Figure 1. Historical Gold-To-Silver Ratio Over The Last 150 Years
The respective prices of gold and silver have not approached this historical ratio in many years although the ratio is declining, and I believe a reversion is long overdue. In order to see this reversion, gold would have to fall over $1,000 an ounce or silver will have to rise at a greater rate than gold in value in the coming years. I believe the latter is far more likely than the former, especially in a climate of endless monetary easing, unprecedented demand in the technology sector, and the fact that industrial demand will return in full force once we have moved completely out of the recession and we have a strong case for an investment in silver. The ratio has crept up year to date as it has generally been in the 48-54 range for some time. I suspect we will at minimum return to this modern historical ratio, which, assuming gold holds its current price, suggests silver has at least 13.0% and 24.0% upside from current levels. By 2020, I expect to see new highs in silver as price action falls in line with the supply and demand for silver.
In this article, I specifically want to address readers who have inquired about the best long-term positions in silver equities that also pay a dividend. Therefore, I highlight four companies in the silver industry that currently return profits to shareholders in the form of dividends and can be considered long term.
A Chinese Play
Silvercorp Metals (SVM): SVM engages in the acquisition, exploration, development, and mining of precious and base metal properties in China, and Canada. It operates four silver, lead and zinc mines comprising the Ying, TLP, HPG, and LM mines located in the Ying Mining District in the Henan Province of China. The company also holds interests in the XBG silver, gold, lead and zinc mine with a mining permit covering 26.36 square kilometers; and the XHP silver-gold, lead and zinc mine comprising a 14 square kilometer mining permit located in the Ying Mining District in Henan Province of China. In addition, it engages in operating the BYP gold, lead and zinc project in Hunan Province, as well as mining at the GC silver, lead and zinc project in Guangdong Province in China. It currently trades at $3.28 with a 52-week trading range of $2.36-$6.71, with average volume of 1.55 million shares exchanging hands daily. It has a multiple of 21.9 yet a five-year PEG of 2.8. SVM does pay a decent dividend as it yields 3.0% annually based on a $0.025 dividend paid quarterly. The company has suffered the pain of low silver prices, fraud allegations and poor management. However, I think things are slowly beginning to improve at the company. It is cleaning up its practices but needs silver prices to go higher to stay profitable and maintain its high yield.
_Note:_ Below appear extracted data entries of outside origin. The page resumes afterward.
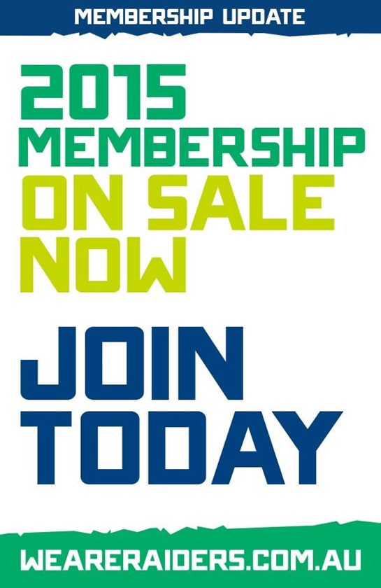 2015 Canberra Raiders Memberships are now on sale. Visit www.weareraiders.com.au for a full list of options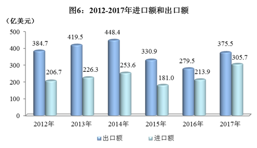 以美元计价,2017年四川实现货物贸易进出口总值681.2亿美元,增长38.2%。其中,出口375.5亿美元,增长34.4%;进口305.7亿美元,增长43.1%。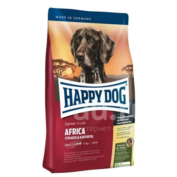 Полнорационный корм для всех взрослых собак весом от 11 кг с нормальной потребностью в энергии. Необыкновенно вкусный полнорационный корм класса супер-премиум Happy Dog Africa идеален для всех требовательных лакомок, которые предпочитают нестандартный корм или очень разборчивы в еде. Он отлично подходит также для собак средних и крупных пород с чувствительным пищеварением, так как учитывает их особые потребности: уникальная формула корма Happy Dog Africa объединяет мясо страуса и картофель. Мясо страуса является источником очень редкого белка и идеально подходит для собак, страдающих пищевой непереносимостью. Картофель не содержит глютена и рекомендован для собак, не переносящих злаки. Эксклюзивную рецептуру дополняют ценные Омега-3 и Омега-6 жирные кислоты, которые гарантируют собаке здоровую кожу и блестящую шерсть. Специальная форма крокет соответствует форме челюстей всех собак средних и крупных пород. Без злаков. С картофелем, не содержащим глютена. Подходит для чувствительных собак. Рекомендован ветеринарными врачами для собак с непереносимостью к злакам и различным источникам белка.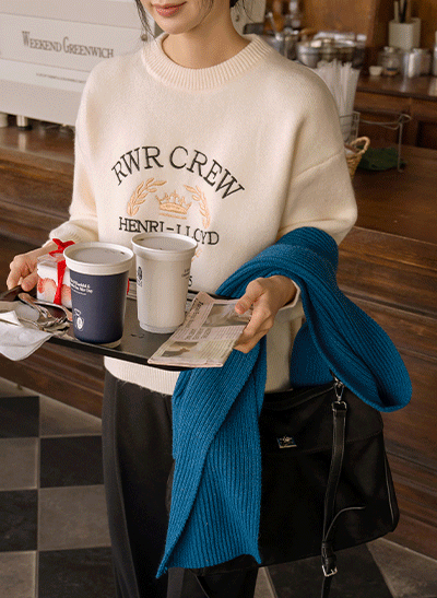 단정한 무드를 자아내는 자수 디테일이 포인트가 되어주고, 탄탄한 두께의 니트 소재로 퀄리티가 좋아 출근룩으로 깔끔하게 입기 좋은 니트에요! -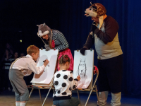 The play invites to learn: children learn how to trust each other, work together, they acknowledge – what is good and what is bad. The play educates children about numbers, counting and number sequences. The child conceives the concept of size, develops the ability to orient oneself in time and space. Actors always make sure that the little members of the audience are being involved in action during the play.

At current levels, it is worth cherry picking at some shares, or, for those who have held diligently on the way down, to increase your position and decrease your cost basis.
North American Plays
Hecla Mining (NYSE:HL): One of the oldest and low cost silver miners in the United States, HL operates out of Coeur d'Alene, Idaho. HL seeks to discover, acquire, develop and produce silver, gold, zinc and lead mines in the United States. HL currently has two mines operating in Alaska, and Idaho, and is the largest silver producer in the U.S. In 2011, HL produced over 9.5 million ounces of silver at a cash cost of a paltry $1.15 per ounce. Those costs have since risen, though HL has worked diligently to remain profitable. HL pays a unique dividend that has suffered lately. Its policy is to pay a minimum of $0.01 per common share annually. It also attempts to pay dividends that are tied to the payments it receives for the silver it produces. As this is highly correlated to the price of silver, it fluctuates throughout the year, but has ranged from $0.003 cents per share to $0.022 cents per share in 2012, resulting in an estimated 1.2% dividend yield last year. This year, it has returned to paying the one penny annually ($0.0025 per share quarterly). HL currently trades at $3.17 a share and has a 52-week trading range of $2.65-$6.90. On average, about 4.3 million shares exchange hands daily.
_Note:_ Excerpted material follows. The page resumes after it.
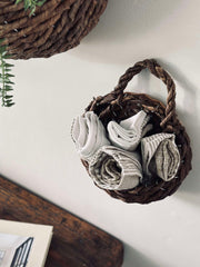 Hängkorgarna tillverkade av bananblad erbjuder en naturlig och hållbar lösning för ditt hem. Materialet är både tåligt och miljövänligt, vilket gör det till ett utmärkt val för dem som värdesätter hållbarhet. Den särpräglade texturen hos bananblad ger en varm och inbjudande känsla som kompletterar olika inredningsstilar. Dessutom bidrar användningen av naturliga material till en hälsosammare inomhusmiljö.

Pan American Silver Corp (PAAS): PAAS explores, develops, and operates silver producing properties and assets. The company engages in silver mining and related activities, including exploration, mine development, extraction, processing, refining and reclamation. It produces and sells silver, gold, copper, lead, and zinc. The company has seven mining operations in Mexico, Peru, Argentina, and Bolivia; the Navidad silver development project in Chubut, Argentina; and the La Preciosa joint-venture project in Durango, Mexico. It currently trades at $10.81 a share with a 52-week range of $10.23 to $22.83. It currently trades at a 1.5 five-year PEG ratio and yields 4.6% annually. It is well positioned to take advantage of a rising silver prices, but like its counterparts above, suffers from low silver prices and squeezed margins.
My Favorite Dividend-Paying Silver Equity With Global Exposure
Silver Wheaton (SLW): SLW operates as a worldwide silver streaming company. Silver streaming is basically a process by which the company purchases a mining firm's silver production in order to distribute that silver in the market. SLW has contracts to purchase silver in bulk at prices well below market value and then proceeds to sell the silver at a higher price. The company, based upon its current agreements, forecast 2013 attributable production is approximately 33.5 million silver equivalent ounces, including 145 thousand ounces of gold. By 2017, annual attributable production is anticipated to increase significantly to approximately 49 million silver equivalent ounces, including 180 thousand ounces of gold. Other than its initial upfront payment, Silver Wheaton typically has no ongoing capital or exploration costs, and the company does not hedge its silver or gold production. The company has projects/agreements and is developing projects globally (figure 2).
Figure 2. Global Interests Of Silver Wheaton As Of June 30, 2013
Other than holding physical silver, SLW is in my opinion, the perfect long-term dividend-paying silver equity. It is best positioned to take advantage of the coming rise in silver prices. And when it does, dividend growth is likely to follow. Compared with other silver companies, SLW also has the most reserves of any silver company (figure 3). This means that once prices rebound, margins, revenues and earnings are likely to grow faster than its peers and can likely be sustained for a longer period given its number of deals.
Figure 3. Global Reserves Of Silver, Comparing Silver Wheaton To Largest Peers
With SLW having a large reserve base, it is well positioned given its business structure. Essentially, the higher silver goes, the more it feeds the bottom line, because SLW has provided upfront financing for most projects in exchange for buying silver at fixed prices. Thus, with silver just a few dollars above its recent lows, it may be a good time to establish and build a long-term position.
SLW currently trades at $23.86 and has a 52-week trading range of $17.75-$41.30. On average, about 5.6 million shares exchange hands daily. The company trades at a 16.9 multiple but only a 0.67 five-year PEG ratio and currently yields 1.7%.
Bottom line: Those investors who wish to gain exposure to silver long-term can consider investing in the individual silver companies in addition to physical coins and bullion. At current levels, I believe silver and silver companies are opportunity buys, especially for the long-term investor. Over the long term, the price of silver is set to appreciate as a result of central bank stimulus, which in turn will feed the top and bottom lines of the silver companies. Thus with increased profit there is a strong possibility that companies could increase the dividends paid to shareholders, which if reinvested over the long term back into the stocks, could lead to compounded returns for years to come.
Additional disclosure: I own physical gold and silver bullion and other individual mining companies not mentioned in the article.